A non-insignificant portion of the video game industry considers storytelling in games unimportant.
This includes not just video game fans, but many developers as well. Some very high-profile, like Shigeru Miyamoto. To them, stories in video games are little more than distractions, which serve to keep the player away from the gameplay. This mindset is harmful.
Bad storytelling can bring a game down, there’s no doubt about it. But that doesn’t mean that storytelling in games is a bad thing, and it also doesn’t mean that stopping the player to deliver the story is a bad thing. Some games have done this incredibly well, and some games are made far better for having a story.
One recent example would be Wolfenstein: The New Order. When trailers for that game first started coming out, expectations for it were at an all-time low. People thought that trying to tell a dramatic story in a Wolfenstein game, a series known for being incredibly silly and nonsensical, would be a horrible failure.

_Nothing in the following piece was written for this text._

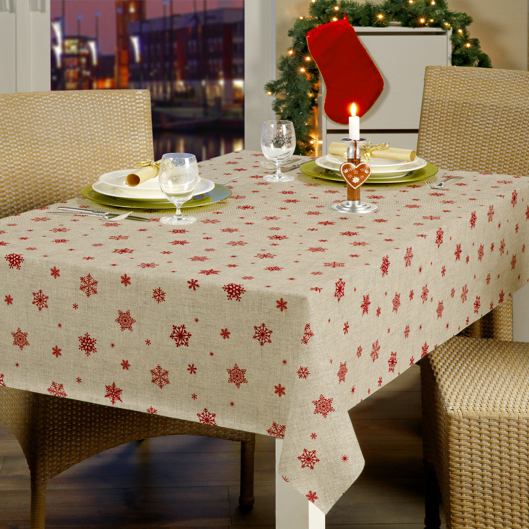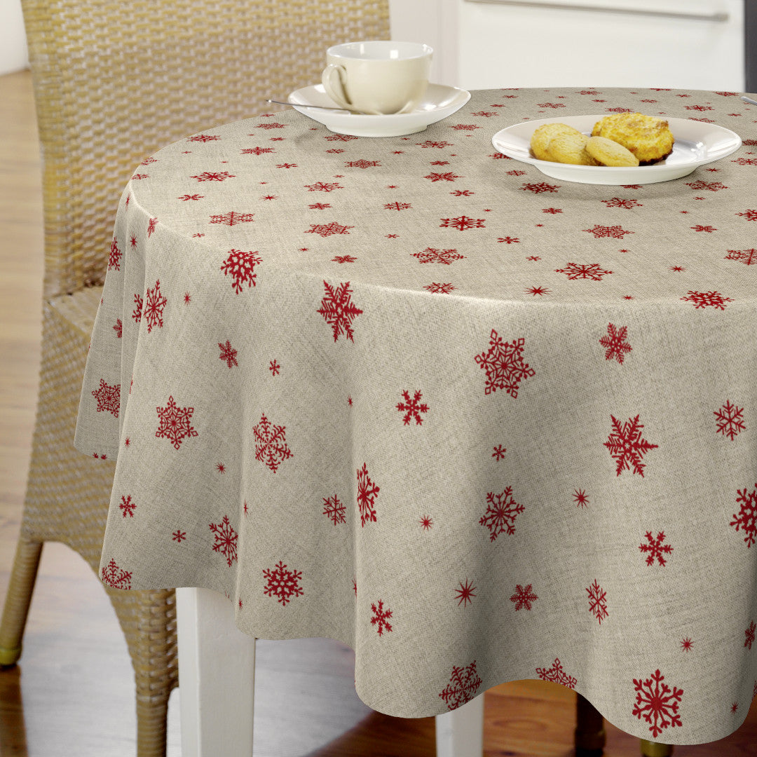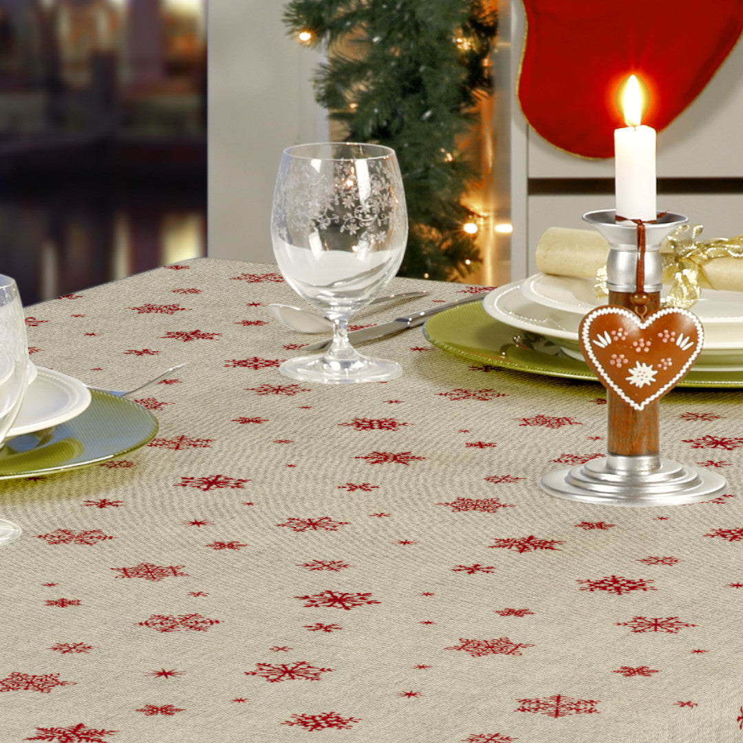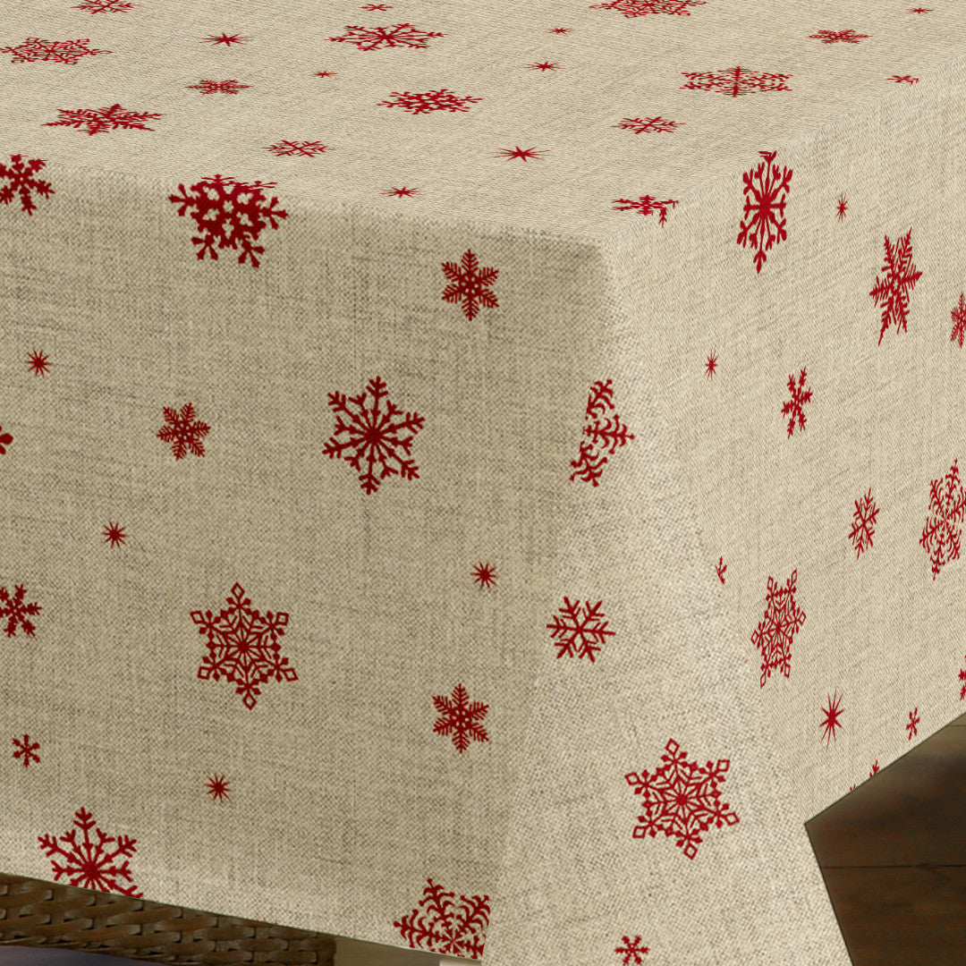 Nordfavn Snowflakes är en julvaxduk som förenar enkelhet och julstämning på ett lugnt, nordiskt sätt. Den ljusa linnelook-bakgrunden ger en varm känsla, medan de röda snöflingorna och iskristallerna skapar en fin kontrast och ett klassiskt vintermotiv. Mönstret är detaljerat men återhållsamt, vilket ger en julkänsla utan att ta över.

And yet people loved it. They began to genuinely care about the characters, about the story, about the setting, and were drawn in by the cutscenes. For many, the story was more enjoyable than the gameplay. And that’s not a knock against the gameplay, so much as a sign of how good the story was.
And there are plenty of examples of games with amazing and interesting stories. Examples include games like Ghost Trick or Hotel Dusk, where the story twists and weaves many times over the course of the game before tying everything together into a perfect little package.
Does every game need an amazing story? Not really. But there are many games which feel less interesting without them. It doesn’t have to be a massive, immersive story. But simply having something to keep the player interested and to keep the action moving forward is better than nothing at all. To suggest that games would be better without stories is both regressive and harmful to the industry’s development and ability to mature.